Daemon won't start (lock held)

# Check what's holding the lock
cat ~/.cache/<cache_namespace>/daemon.json
lsof ~/.cache/<cache_namespace>/daemon.lock

# If stale (crashed daemon), remove manually
rm ~/.cache/<cache_namespace>/daemon.lock ~/.cache/<cache_namespace>/daemon.json

Pool not replenishing

Check that uv/conda are installed and working:

uv --version
ls -la ~/.cache/<cache_namespace>/envs/

Python bindings: "Failed to parse output" errors

If session.run() returns outputs like Output(stream, stderr: "Failed to parse output: <hash>"), the bindings are connecting to the wrong daemon (one without access to the blob store).

Cause: The blob store is per-daemon. When running from a Conductor workspace, you might be connecting to the system daemon while the blobs are stored in a worktree daemon's directory.

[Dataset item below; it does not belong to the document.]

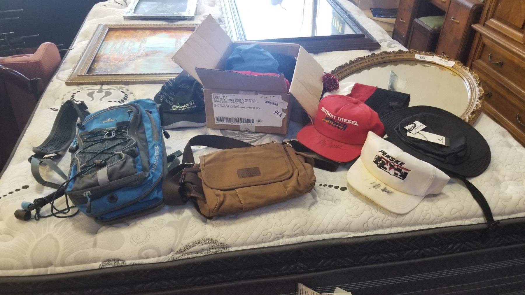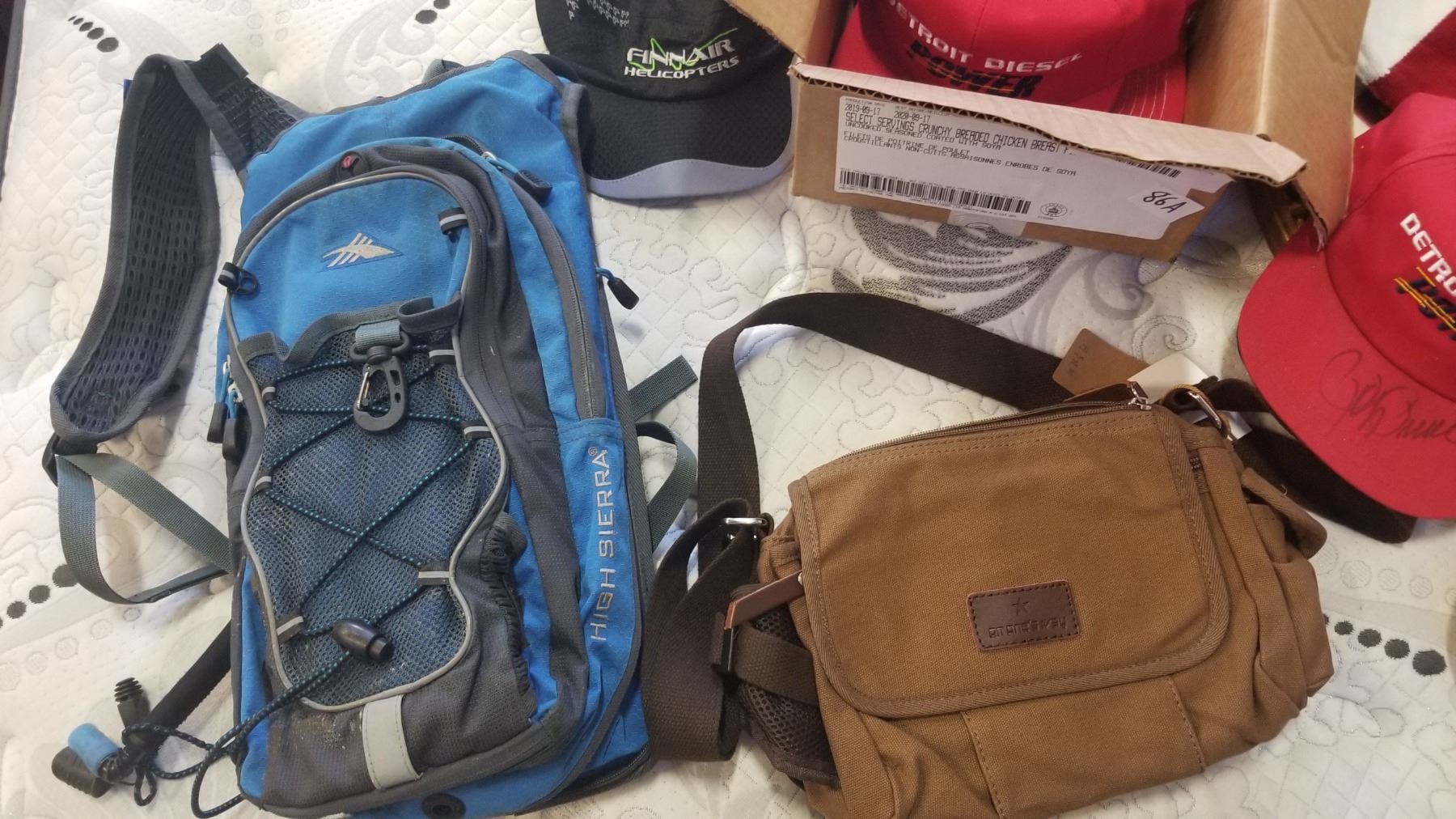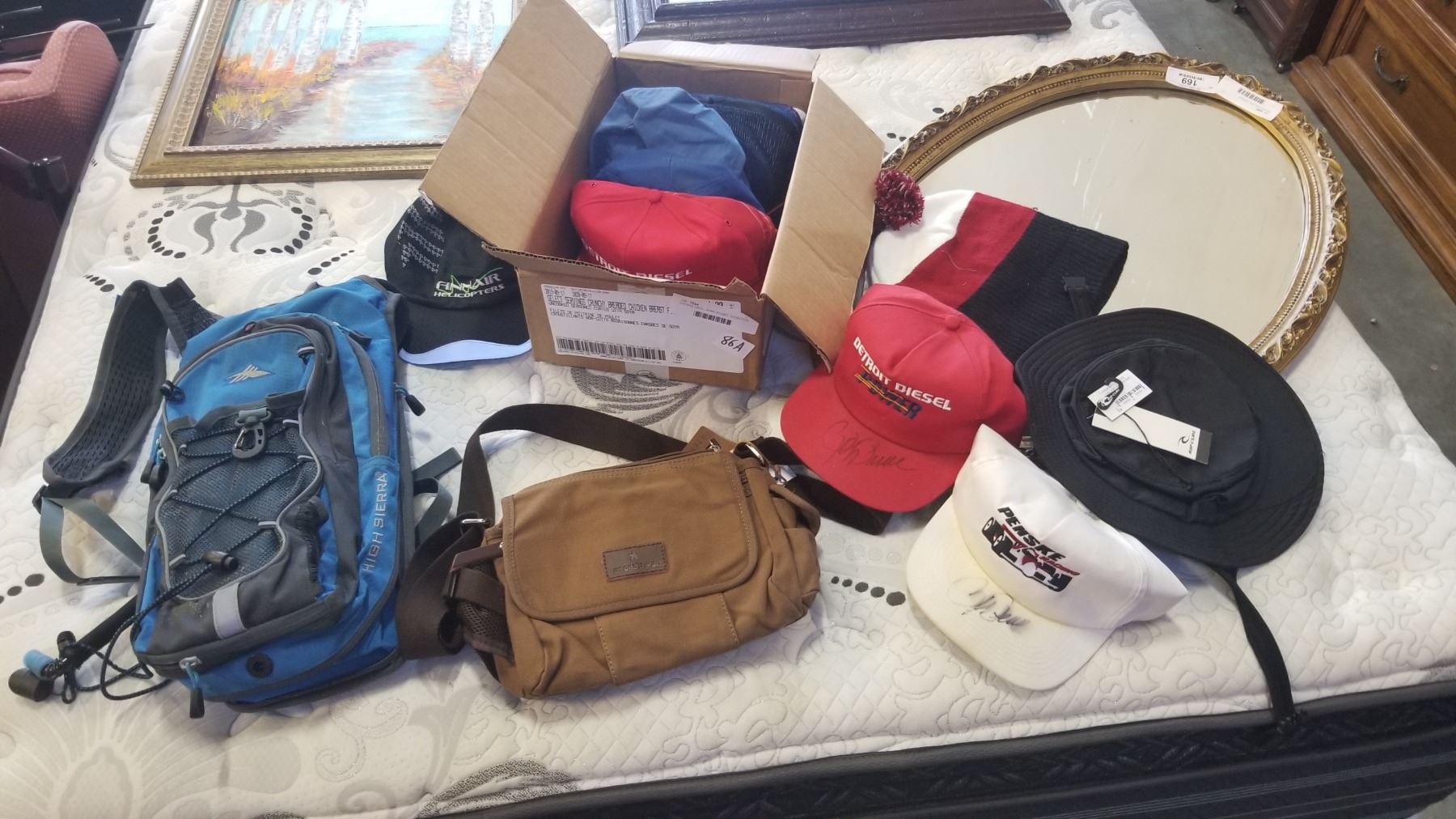 VINTAGE HATS - SOME SIGNED, HYDRATION PACK AND NEW BAG

Fix: Set RUNTIMED_SOCKET_PATH to the correct daemon socket:

# Find your worktree daemon
./target/debug/runt dev worktrees

# Export the matching socket path
export RUNTIMED_SOCKET_PATH="$(
  RUNTIMED_DEV=1 RUNTIMED_WORKSPACE_PATH="$(pwd)" \
  ./target/debug/runt daemon status --json \
  | jq -r '.socket_path'
)"

Python bindings: get_cell() returns empty outputs

If session.run() shows outputs but session.get_cell() returns outputs=[]:

  1. Check socket path (see above) — the daemon needs access to the blob store
  2. Timing issue — outputs may not be written to Automerge yet. Try a small delay or re-fetch.

Shipped App Behavior

When shipped as a release build, the daemon installs as a system service that starts at login. This is handled by crates/runtimed/src/service.rs:

  • macOS: launchd plist in ~/Library/LaunchAgents/
  • Linux: systemd user service in ~/.config/systemd/user/
  • Windows: Startup folder script

Managing the System Daemon

These commands manage the system daemon (production). For development, use cargo xtask dev-daemon instead — it provides per-worktree isolation and doesn't interfere with the system daemon.

Examples below use the stable channel names. Nightly builds use the -nightly variants such as runt-nightly, runtimed-nightly, and io.nteract.runtimed.nightly.

Cross-platform:

# Check status
runt daemon status

# Stop/start the system daemon
runt daemon stop
runt daemon start

# View logs
runt daemon logs -f

# Full uninstall (removes binary and service config)
runt daemon uninstall

Platform-specific (if runt isn't available):

macOS:

launchctl bootout gui/$(id -u)/io.nteract.runtimed
launchctl list | grep io.nteract.runtimed
launchctl bootstrap gui/$(id -u) ~/Library/LaunchAgents/io.nteract.runtimed.plist

Linux:

systemctl --user stop runtimed.service
systemctl --user status runtimed.service
systemctl --user start runtimed.service

Key paths (macOS):

File Path
Installed binary ~/Library/Application Support/<cache_namespace>/bin/<daemon_binary_basename>
Service config ~/Library/LaunchAgents/<daemon_launchd_label>.plist
Socket ~/Library/Caches/<cache_namespace>/runtimed.sock
Daemon info ~/Library/Caches/<cache_namespace>/daemon.json
Logs ~/Library/Caches/<cache_namespace>/runtimed.log

For stable, these expand to runt, runtimed, and io.nteract.runtimed. For nightly, they expand to runt-nightly, runtimed-nightly, and io.nteract.runtimed.nightly.